■ **PROBLEM STATEMENT**
Within the entries below, please retype exactly the lines starting with the line that has "工業(yè)行業(yè)是我" and going on through the line that has "Wow, we don’t", but not the pictures.

■ **EXCERPTED DATA**
= = = =

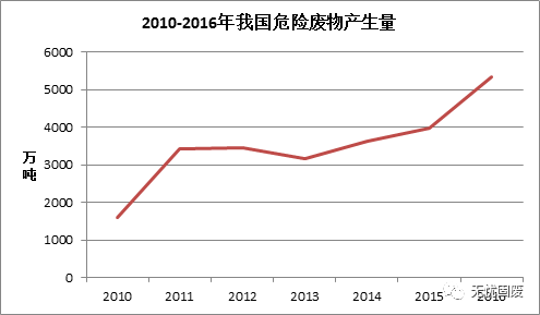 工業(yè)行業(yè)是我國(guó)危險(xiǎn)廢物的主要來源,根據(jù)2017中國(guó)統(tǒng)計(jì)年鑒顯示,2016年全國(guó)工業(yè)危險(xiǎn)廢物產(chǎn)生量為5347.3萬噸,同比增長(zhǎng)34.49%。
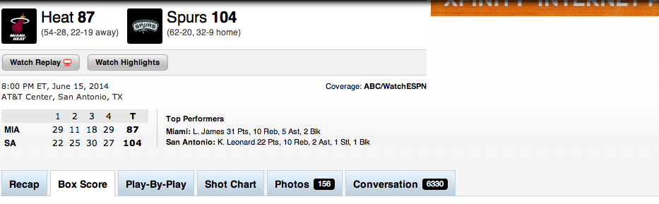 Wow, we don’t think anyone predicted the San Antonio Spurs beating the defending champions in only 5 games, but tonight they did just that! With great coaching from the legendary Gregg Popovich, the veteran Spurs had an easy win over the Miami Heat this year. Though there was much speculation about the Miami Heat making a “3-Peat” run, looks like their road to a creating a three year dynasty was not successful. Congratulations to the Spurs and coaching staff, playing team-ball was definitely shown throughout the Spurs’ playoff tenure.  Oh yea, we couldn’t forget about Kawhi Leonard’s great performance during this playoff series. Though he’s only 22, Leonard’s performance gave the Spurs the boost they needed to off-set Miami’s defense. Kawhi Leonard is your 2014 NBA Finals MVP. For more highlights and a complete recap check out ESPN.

= = = =

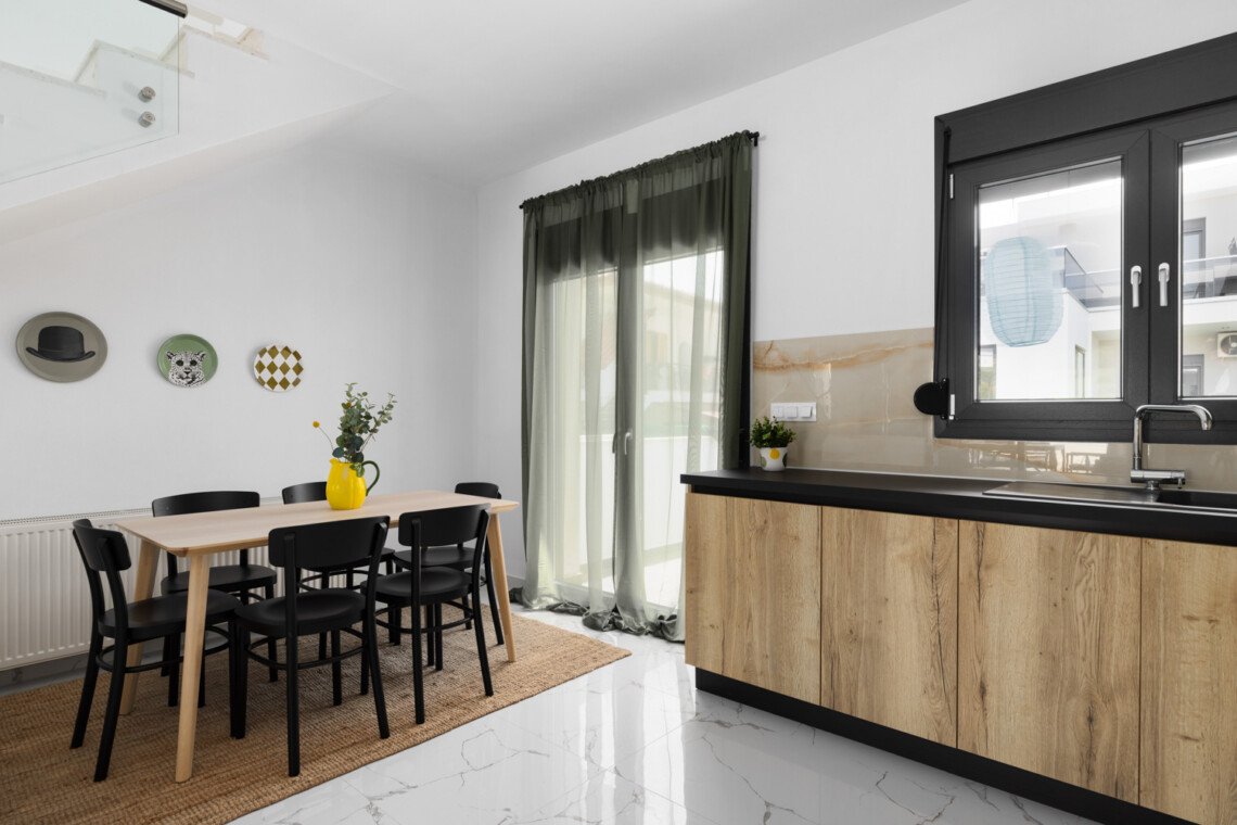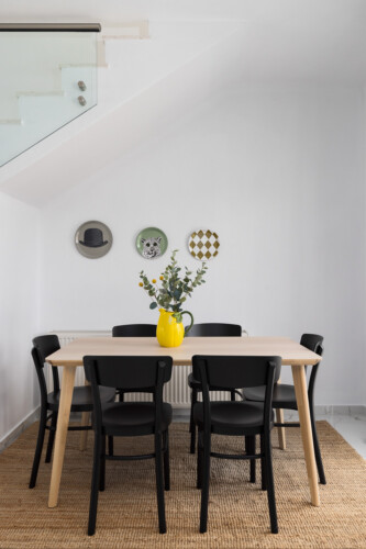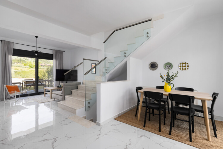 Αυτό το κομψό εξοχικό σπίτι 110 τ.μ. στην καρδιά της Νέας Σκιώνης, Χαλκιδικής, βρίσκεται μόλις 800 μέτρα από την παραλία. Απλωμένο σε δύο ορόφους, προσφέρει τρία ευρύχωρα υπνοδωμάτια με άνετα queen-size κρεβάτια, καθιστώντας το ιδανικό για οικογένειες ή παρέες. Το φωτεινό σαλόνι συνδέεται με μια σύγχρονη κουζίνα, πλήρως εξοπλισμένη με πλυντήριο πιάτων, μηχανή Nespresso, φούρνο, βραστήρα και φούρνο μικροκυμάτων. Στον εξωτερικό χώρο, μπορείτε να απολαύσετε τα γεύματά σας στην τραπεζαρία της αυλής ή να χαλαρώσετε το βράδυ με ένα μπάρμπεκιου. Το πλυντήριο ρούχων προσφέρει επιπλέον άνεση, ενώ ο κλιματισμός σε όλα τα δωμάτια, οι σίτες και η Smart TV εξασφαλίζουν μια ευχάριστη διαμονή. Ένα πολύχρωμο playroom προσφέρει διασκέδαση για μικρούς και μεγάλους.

= = = =

■ **EXPECTED ANSWER**
 工業(yè)行業(yè)是我國(guó)危險(xiǎn)廢物的主要來源,根據(jù)2017中國(guó)統(tǒng)計(jì)年鑒顯示,2016年全國(guó)工業(yè)危險(xiǎn)廢物產(chǎn)生量為5347.3萬噸,同比增長(zhǎng)34.49%。
 Wow, we don’t think anyone predicted the San Antonio Spurs beating the defending champions in only 5 games, but tonight they did just that! With great coaching from the legendary Gregg Popovich, the veteran Spurs had an easy win over the Miami Heat this year. Though there was much speculation about the Miami Heat making a “3-Peat” run, looks like their road to a creating a three year dynasty was not successful. Congratulations to the Spurs and coaching staff, playing team-ball was definitely shown throughout the Spurs’ playoff tenure.  Oh yea, we couldn’t forget about Kawhi Leonard’s great performance during this playoff series. Though he’s only 22, Leonard’s performance gave the Spurs the boost they needed to off-set Miami’s defense. Kawhi Leonard is your 2014 NBA Finals MVP. For more highlights and a complete recap check out ESPN.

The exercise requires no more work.